[Greasemonkey] a difference in vision

Aaron Boodman zboogs at gmail.com
Thu May 26 19:43:38 EDT 2005


Wow. Evan paints a pretty dire picture.

I think the situation is somewhat less disastrous. Yeah gm is being
used in ways I didn't forsee. But that's pretty cool. True, I think
people are trying to build too much robustness into something
fundamentally balanced on shifting soil, but hey people can do what
they want.

I cannot deny, I disagree with some (ok many) of the bells and
whistles people want to add. But hey, I'm entilted to my opinion.
Those who know me know that I tend to be somewhat of a

> minimalist nazi

, but it's all good. I can be convinced. Just not with "everyone else
does it" and "duh, can't you see" arguments. And hey, if you really
really really must have attribution for your thirty line user script
show up in the UI, branch Greasemonkey and create your own.

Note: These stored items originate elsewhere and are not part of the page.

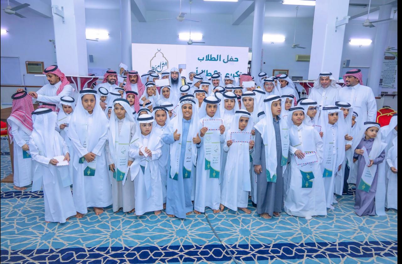 كما تم تكريم حافظين لكتاب الله وهم مصعب عاتق البشري وطلال عاتق البشري وشمل التكريم كافة معلمي الحلقات بالمجمع
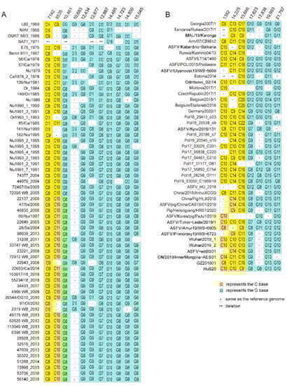 The ASFV genome sequences were aligned using MAFFT software (version 7.475) [27]. Genome sequences containing artificial modification, annexation bases, unknown bases, and unconfirmed large-fragment deletion were identified.
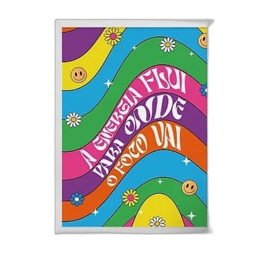 Quadro a energia flui para onde a atenção vai 33x24cm Moldura: madeira branca Informações do produto decoração para quarto, sala, cozinha, escritório, área gourmet e muito mais. Chega de paredes vazias Medidas - cada peça tem 33x24cm a4 . Material do papel - papel fotográfico brilhante de altíssima resolução Acabamento - todos os quadros são acompanhados de uma película de acetato para proteção da imagem. - os quadros são embalados de forma segura com plástico bolha com camada dupla de acordo com o tamanho dos quadros. - de 3 meses. Meu quadro chegou. Como posso fixá-lo Você precisa apenas de um martelo e um prego, pois os quadros já vão acompanhados de penduradores. Esta é a forma mais indicada. Caso prefira, você pode utilizar uma fita dupla face neste caso, sugerimos de alta qualidade para evitar que descole e seu quadro caia . Como posso limpar meu quadro A limpeza é feita como um móvel comum da sua casa. Apenas um pano seco ou espanador são suficientes para tal
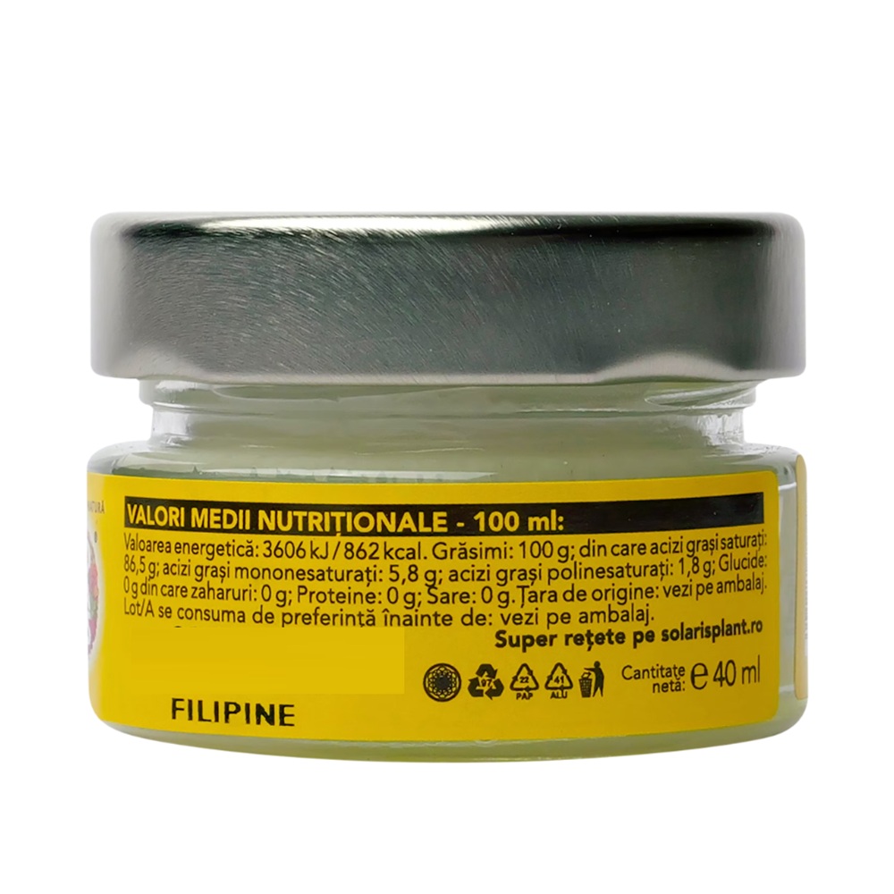 Uleiul de cocos este bogat in grasimi saturate. Poate avea forma solida sau lichida, in functie de temperatura mediului ambient.

It's open
source, yo.

-- 
Aaron

On 5/26/05, Evan Martin <evan.martin at gmail.com> wrote:
> [Disclaimer: my opinions are derived from hanging out and talking with
> Aaron but he hasn't vetted this mail.  But he's also too nice to write
> this email, so I get to do it!]
> 
> I think the original vision for Greasemonkey was that user scripts
> would be tiny, ephemeral things; quick hacks that are passed around
> and that break as site owners change their sites.  The analogy was
> shell scripts -- you write them once to solve your task and then you
> forget about them, or if you share them, you share them as a snippet
> of code in an email and not as complicated .tar.gz download.
> 
> Somehow along the way people began using Greasemonkey for something
> else: complicated and tricky modifications that reached deep into a
> site.  Those are cool, with "far-reaching implications" and all of
> those nice phrases people like to post to their blogs about.  But
> they're complicated, and there are already provisions in Mozilla for
> distribution, versioning, and autoupdate.  They're called extensions.
> 
> This is why Aaron wanted to integrate a script editor -- not because
> of feature creep, but because a script is something you do immediately
> when a page annoys you.  Or you take someone else's script that makes
> a textbox 600px wide and you tweak it to make it 800px wide.  This is
> why a author tag doesn't fit in -- because by their very nature the
> scripts are derivative of someone else's work anyway and somebody
> farther down the road will continue to change them.  It's 20 lines of
> obvious code, why are we worrying about copyright and licensing of
> derivative works?
> 
> With all of that said, I there's obviously place in the world for the
> Lickrs and the Book Burros, and maybe the solution isn't converting
> all of them to extensions.  But as everyone sits here and tries to
> figure out ways to embed HTML and images and more metadata into their
> single file of javascript I can't help but point out that there's an
> easy way to package disparate data together: it's called tar.
> 
> How do you reconcile these views?  I see two options:
>  - creature feep Greasemonkey into extensionmanager++; or
>  - fork Greasemonkey into a bigger brother (I proposed to Aaron
> "Greaseape", but that's lame) that does extension management with
> signing and author metadata and tarballs and autoupdates and XUL
> hacking and menu commands and preference panes.
> 
> I don't much like either of them, but I don't see any other options.